A light-weight project which runs pytorch on angel, providing pytorch the ability to run with high-dimensional models.
Pytorch on Angel's architecture design consists of three modules:
- python client: python client is used to generate the pytorch script module.
- angel ps: provides a common Parameter Server (PS) service, responsible for distributed model storage, communication synchronization and coordination of computing.

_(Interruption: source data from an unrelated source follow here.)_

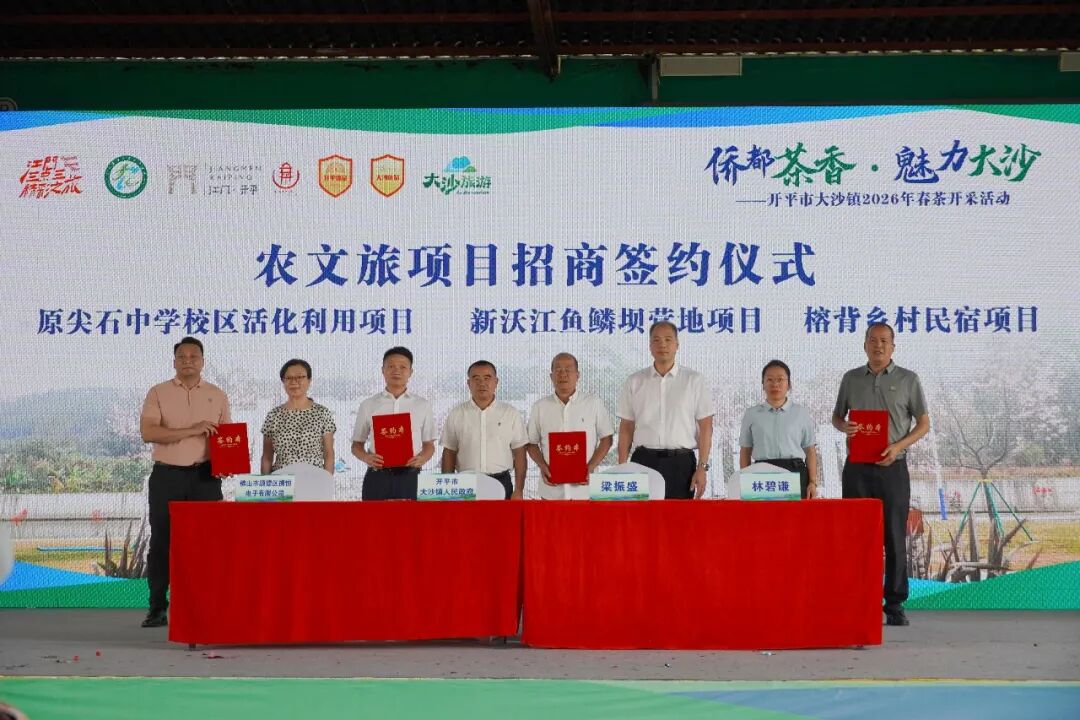 近年来,大沙镇紧抓开平整县推进农文旅融合发展试点以及环孔雀湖美丽经济发展区建设的有利契机,坚持“生态立镇、产业强镇、文旅兴镇”发展思路,以一叶飘香赋能乡村全面振兴,大沙茶获评国家地理标志保护产品,2025年更是成功入选省重点培育的十亿元级现代茶叶产业集群,持续推动生态优势、资源优势转化为发展优势、经济优势。活动现场还进行了农文旅项目招商签约仪式,以招商带项目,以项目促发展,为大沙镇农文旅产业持续健康发展注入了强劲动力。
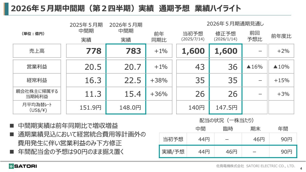 はじめに、2026年5月期中間期の実績および2026年5月期の通期予想についてご説明します。
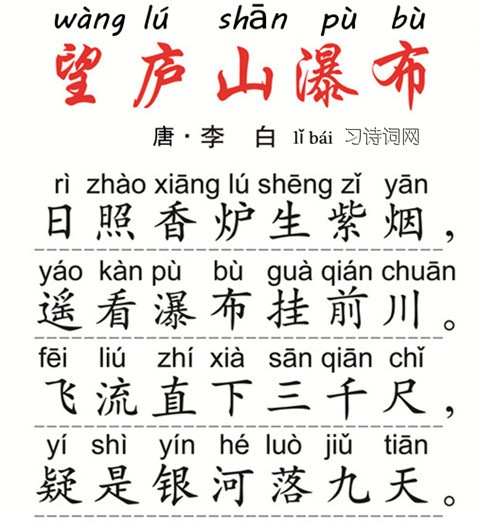 仿佛三千尺水流飞奔直冲而下,莫非是银河从九天垂落山崖间。
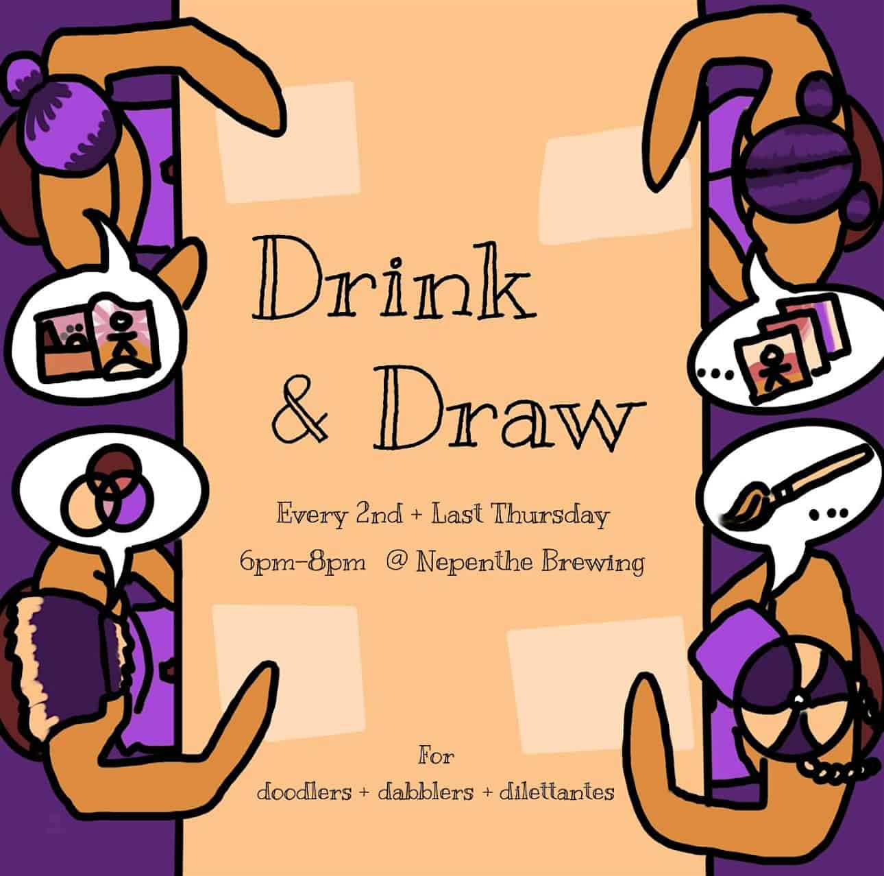 by admin14Feb Drink & Draw at Nepenthe Brewing Co. – Baltimore, MD Drink & Draw at Nepenthe Brewing Co. – Baltimore, MD 1 1 people viewed this event. A doodling social club for artists of all skill levels Tickets-RSVP Link Date And Time Thursday, April 9th, 2026 10:00 PM (PST) Venue Nepenthe Brewing Co. Location 3626 Falls Road, Baltimore, MD 21211 Event Types Party or Social GatheringPerforming & Visual Arts Event Category BaltimoreMaryland Share With Friends Facebook Twitter Linkedin Xing Pinterest Share This Post:
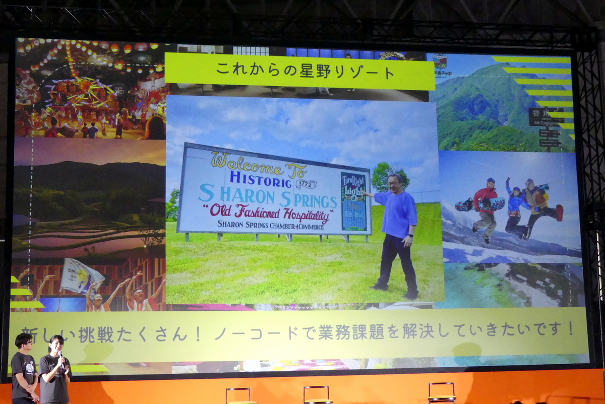 小竹氏は「北米に温泉旅館を作る」と意気込む星野リゾート星野佳路氏の写真を掲げ、「さまざまな業務課題もあり、マーケットもガラッと変わるので、いろんな未知な課題が出てくる。そういった課題に私もワクワクしていますし、ITの力を使って取り組めることが面白いと感じている。新しい課題があっても、ノーコードを使ってどんどん解決できたらいいなと思っています」とまとめた。
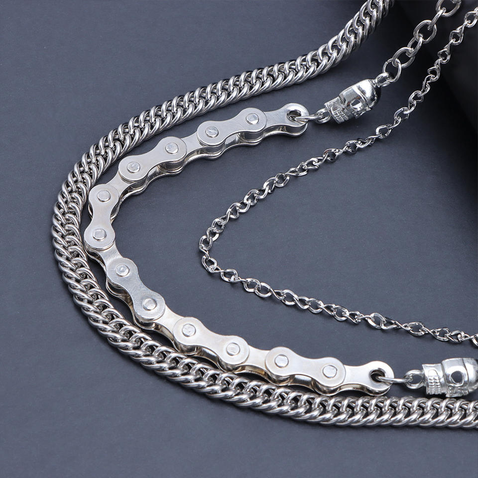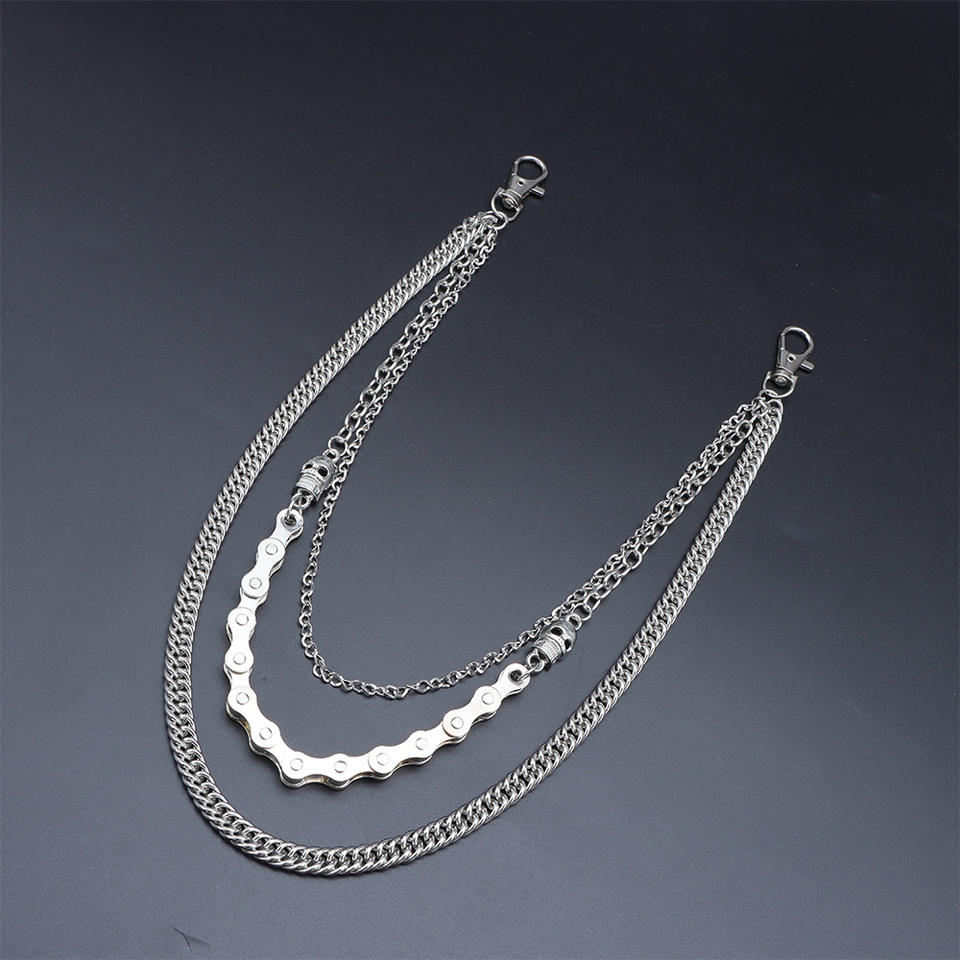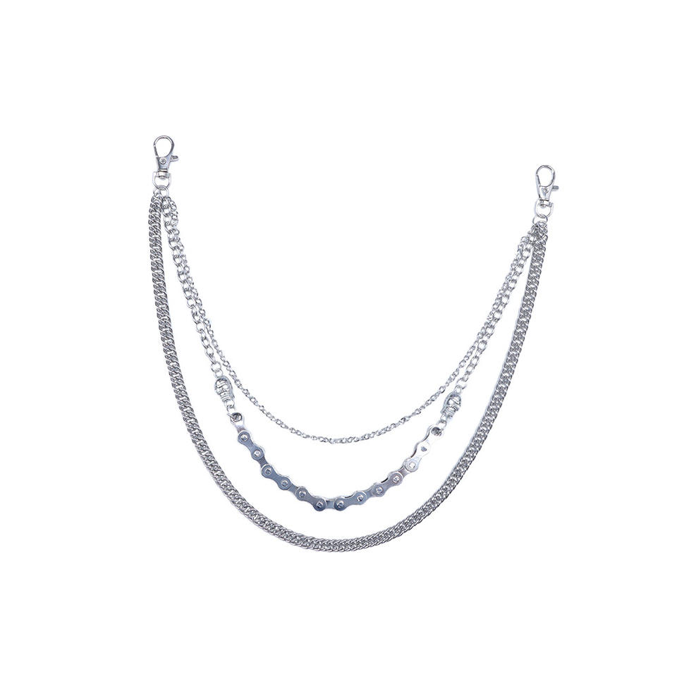 Chaîne de pantalon en métal multi-couches avec pendentif tête de mort en acier inoxydable, style punk, accessoire streetwear hip-hop pour hommes et femmes
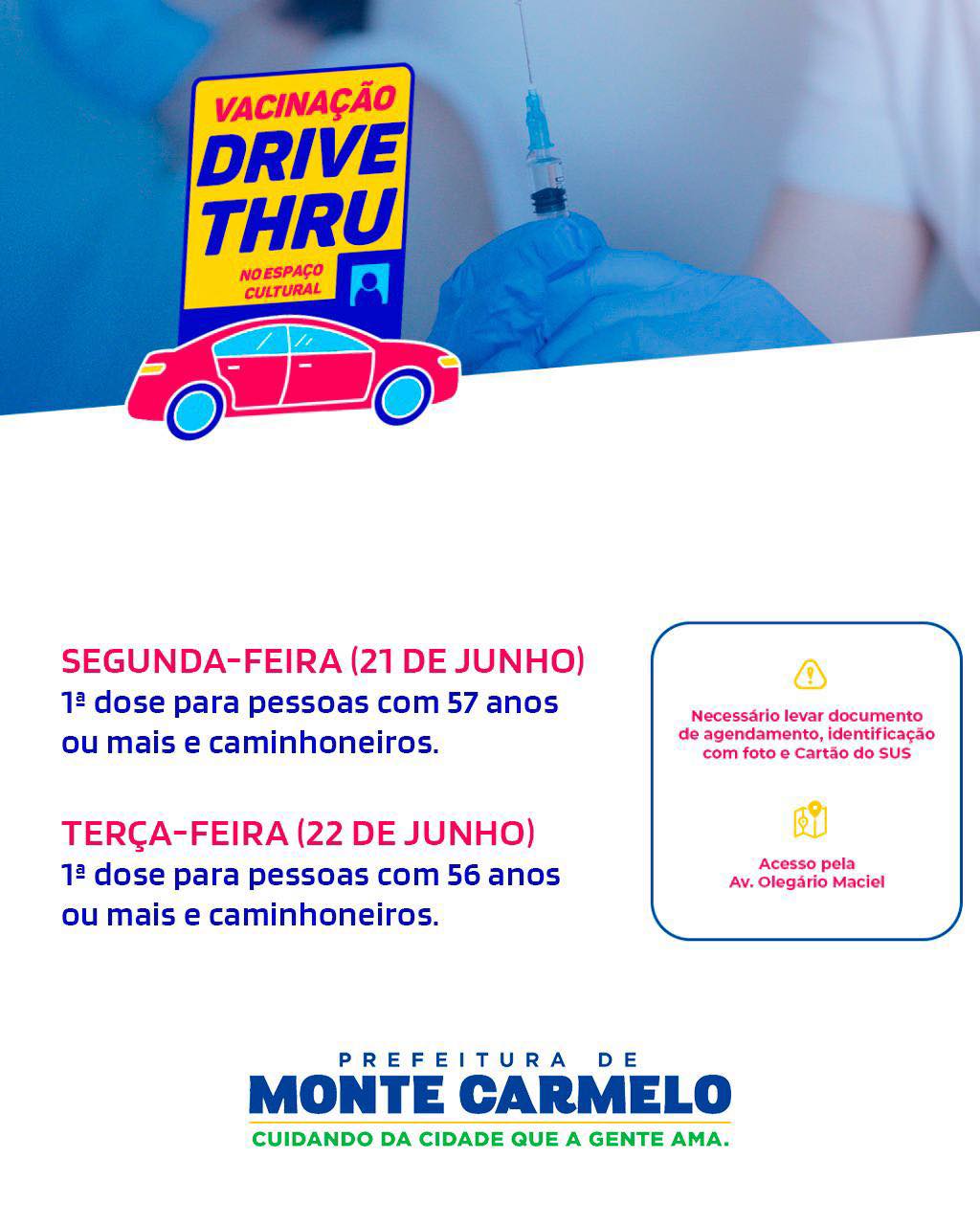Nessa segunda-feira (21) esta acontecendo à vacinação contra a Covid-19 em Monte Carmelo. Conforme a Coordenadora de Imunização Katiene Batista novos grupos por idade estão sendo agendados, como os de 57 anos ou mais, bem como a continuação das pessoas com comorbidades, caminhoneiros, entre outros.

- spark executor: the worker process is responsible for data processing、load pytorch script module and communicate with the
Angel PS Serverto complete model training and prediction, especially pytorch c++ backend runs in native mode for actual computing backend.
- pytorch >=v1.1.0
we recommend using anaconda to install pytorch, run command:
conda install -c pytorch pytorch
pytorch detailed installation documentation can refer to pytorch installation
-
Compiling Environment Dependencies
- Jdk >= 1.8
- Maven >= 3.0.5
-
Source Code Download
git clone https://github.com/Angel-ML/PyTorch-On-Angel.git -
Compile
Run the following command in the java root directory of the source code:mvn clean package -Dmaven.test.skip=trueAfter compiling, a jar package named 'pytorch-on-angel-<version>.jar' will be generated in
targetunder the java root directory.
-
Compiling Environment Dependencies
- gcc >= 5
- cmake >= 3.12
-
LibTorch Download
- Download the
libtorchpackage from here and extract it to the user-specified directory - set TORCH_HOME(path to libtorch) in
CMakeLists.txtunder the cpp root directory
- Download the
-
Compile Run the following command in the
cmake-build-debugdirectory under the cpp root directory:cmake .. makeAfter compiling, a shared library named 'libtorch_angel.so' will be generated in
cmake-build-debugunder the cpp root directory.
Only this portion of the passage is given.